PEDIGREE METHOD Since B. napus and B. juncea are selfpollinated crops, the majority of cultivars derived are pure lines from pedigrees or pedigree modifications. In India as well as other parts of the world, various high-yielding varieties have been developed following this method. In this method 5–10 F1 plants are grown to obtain F2 seed and 1000–3000 F2 plants are grown and harvested individually, from which F3 progeny is secured. In F4 generation, selection is practiced. The variation among F4 families is a good indication of the effectiveness of further selection.

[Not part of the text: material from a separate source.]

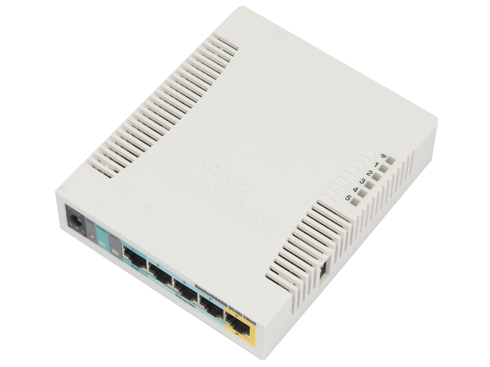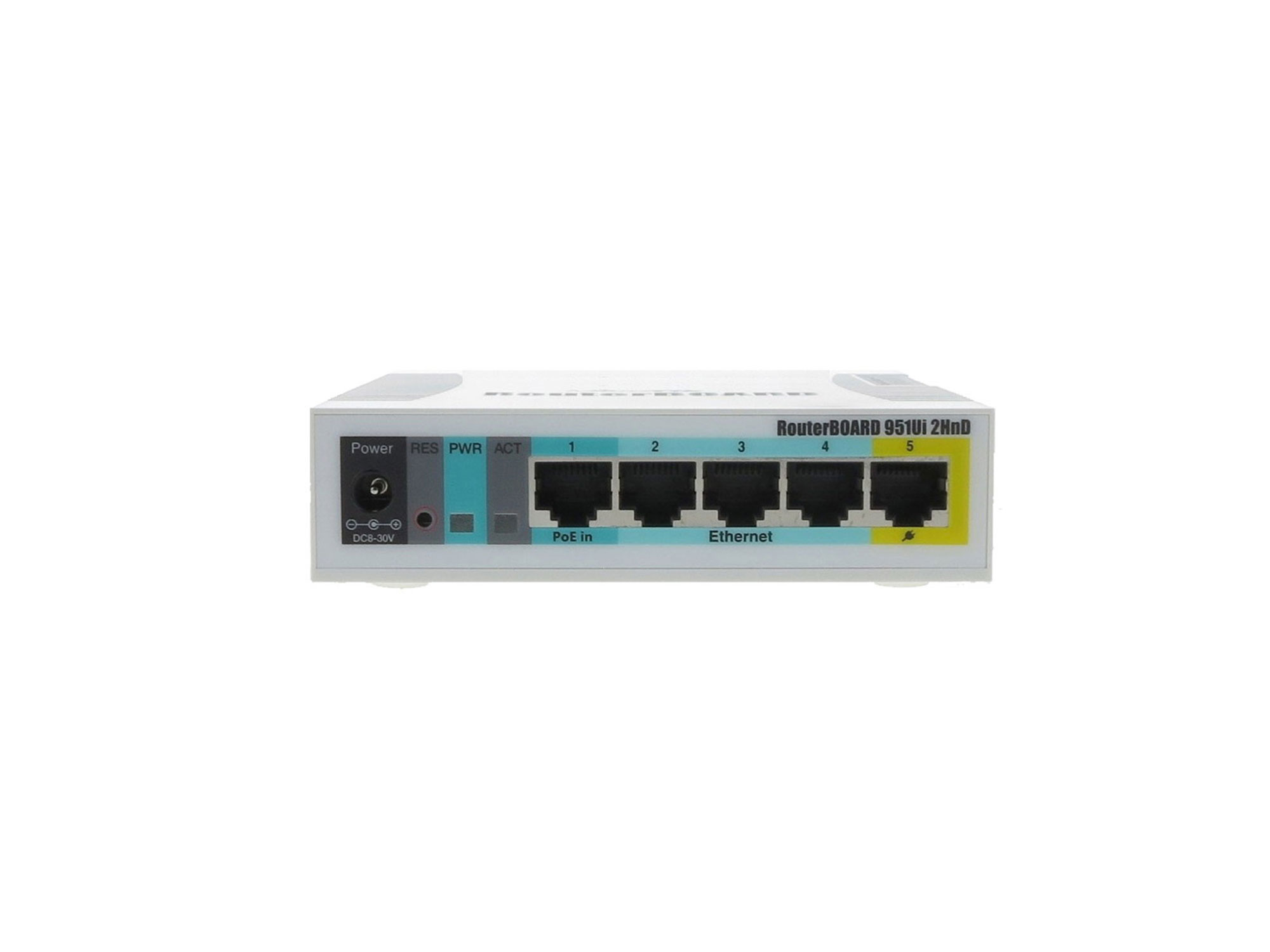 Беспроводной маршрутизатор MikroTik RB951Ui-2HnD Wireless router, WiFi 4 (300Mb), (4+1) x 10/100M, PoE

This method has been utilized to develop a low erucic acid, high-yielding, and winter-hardy B. napus variety from a cross between high erucic acid winter B. napus variety “Rapol” and low erucic acid spring B. napus variety “Oro.”

BACKCROSS BREEDING When a desirable gene is available from an unadapted or wild population, backcrossing would be the right procedure, but if the favorable gene is available in adapted or cultivated material then the pedigree method of selection would be more appropriate. The spring B. napus variety “Wester” was developed by a combination of backcross and pedigree breeding. Backcross breeding has been used to transfer the low glucosinolate content of B. napus variety “Bronowski” into a number of commercial cultivars of gobhi sarson (B. napus) in various parts of the world. This method is also used to transfer new traits such as fatty acid composition, seed color, and herbicide and insect pest resistance.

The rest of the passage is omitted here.